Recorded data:

"""

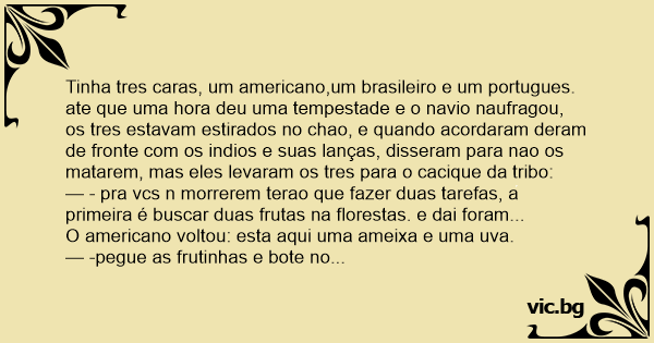 O americano encontrou o brasileiro no ceu, e o americano falou que tinha infiado a ameixa sem problemas, mas a uva quando foi infiada estorou e ele comecou a rir, e o indio cortou a cabeça, e vc brasileiro :
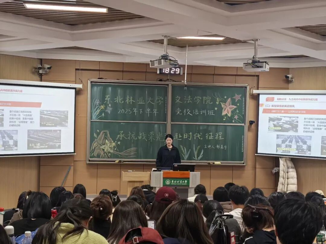 2025年11月1日,必威betway西汉姆联党校培训班在锦绣楼T202教室顺利举行了入党积极分子的第七次培训课程。此次课程特别邀请了曾参与“九·三阅兵”的韩嘉宇同学,她结合自身难忘的经历,为学员们带来了一场感人至深、震撼心灵的分享报告。她将阅兵训练的艰辛历程娓娓道来:练兵场上,每个动作都要经历成千上万次的锤炼,汗水浸透的军装被烈日反复烤干。正是对党的忠诚、对国家的热爱,支撑着他们以最完美的姿态完成考验,向世界展现中国军人的风采。
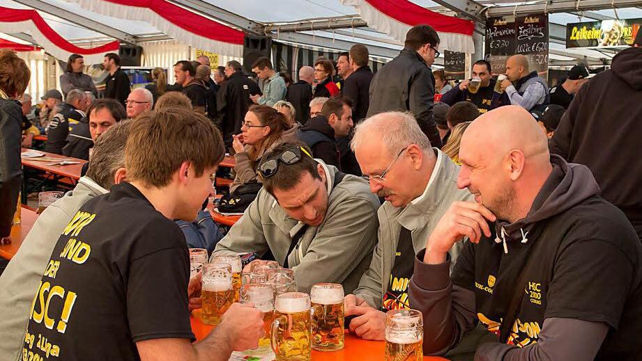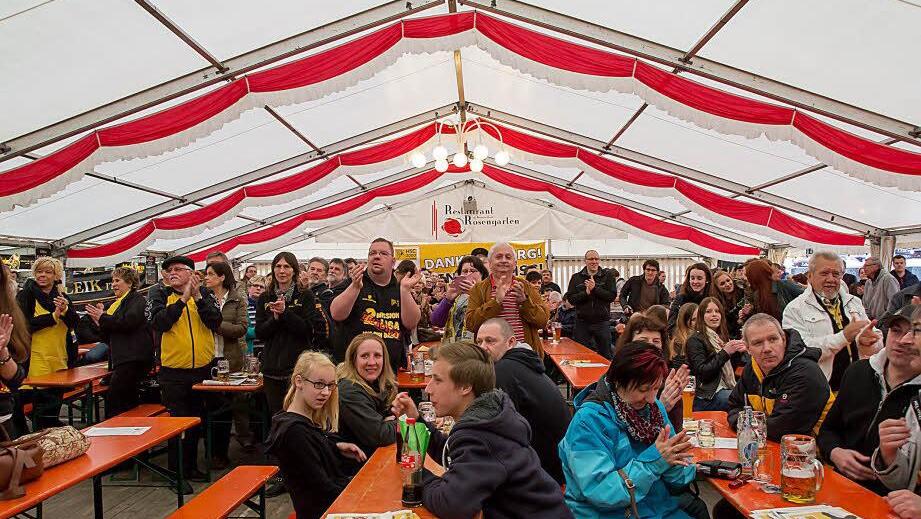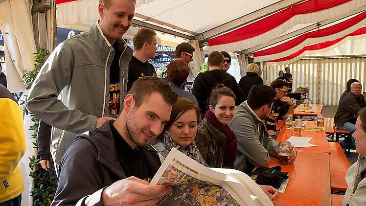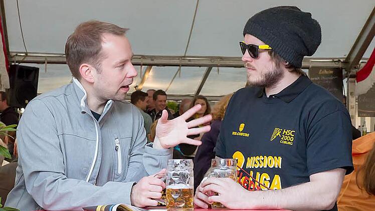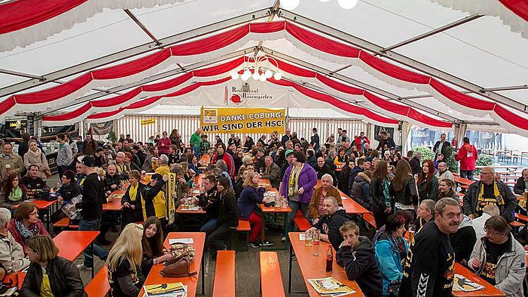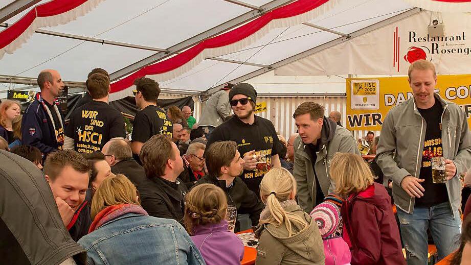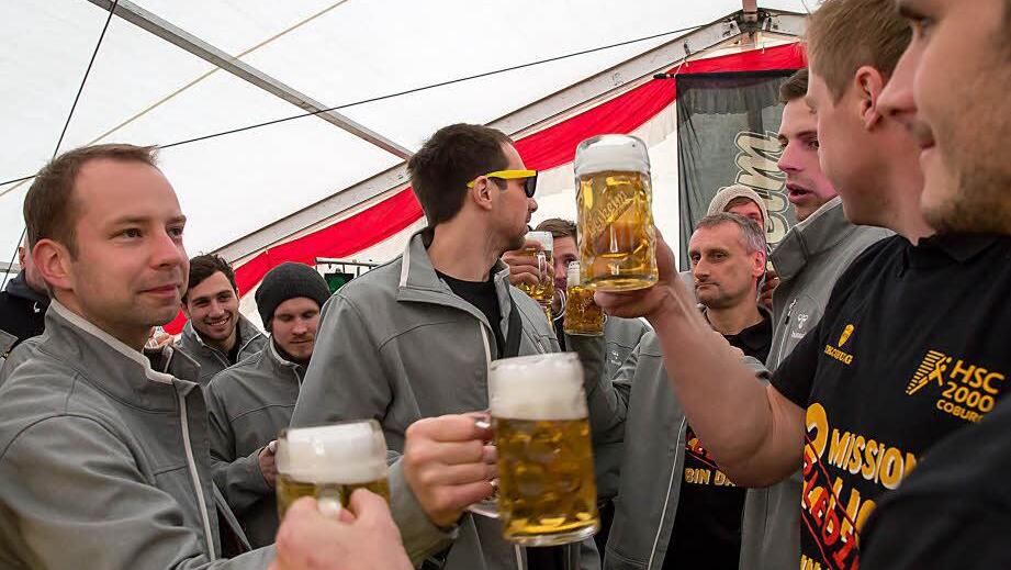 Im Festzelt ging die Post ab Fand dieser Stadtempfang für die Handballer in einem entsprechend angemessenen Rahmen statt, so ging anschließend feuchtfröhlich die Post ab: Im gut besetzten Bierzelt auf dem Coburger Frühlingsfest feierten die Fans des HSC lautstark ihre Lieblinge. Die vom Verein spendierten 200 Liter Freibier hatten die 500 Helfer und Fans freilich schnell ausgetrunken.
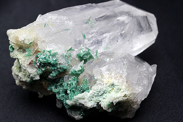 その鮮やかな緑色のフックサイトと水晶とのコントラストが絶妙で大自然を思わせる色合い。
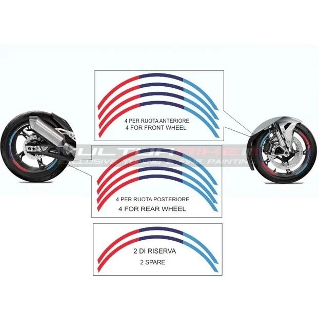 Personnalisez votre moto avec les stickers Kit d?autocollants pour roues de 17 pouces - tous les modèles. Les stickers adhésifs de décoration Vulturbike sont découpés dans du vinyle teinté anti UV.
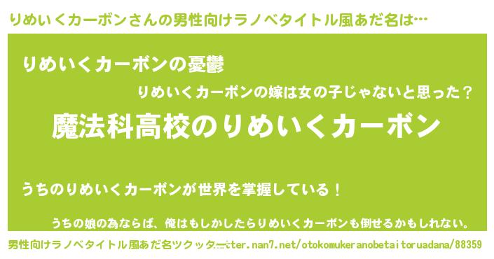 | 女子向けラノベタイトル風あだ名 | 『りめいくカーボンなんてお断りですっ。』 |

"""

When you reach the line that contains "Personnalisez votre moto" in the records above, copy it and every line after it exactly through the last one, leaving out the pictures.

 Personnalisez votre moto avec les stickers Kit d?autocollants pour roues de 17 pouces - tous les modèles. Les stickers adhésifs de décoration Vulturbike sont découpés dans du vinyle teinté anti UV.
 | 女子向けラノベタイトル風あだ名 | 『りめいくカーボンなんてお断りですっ。』 |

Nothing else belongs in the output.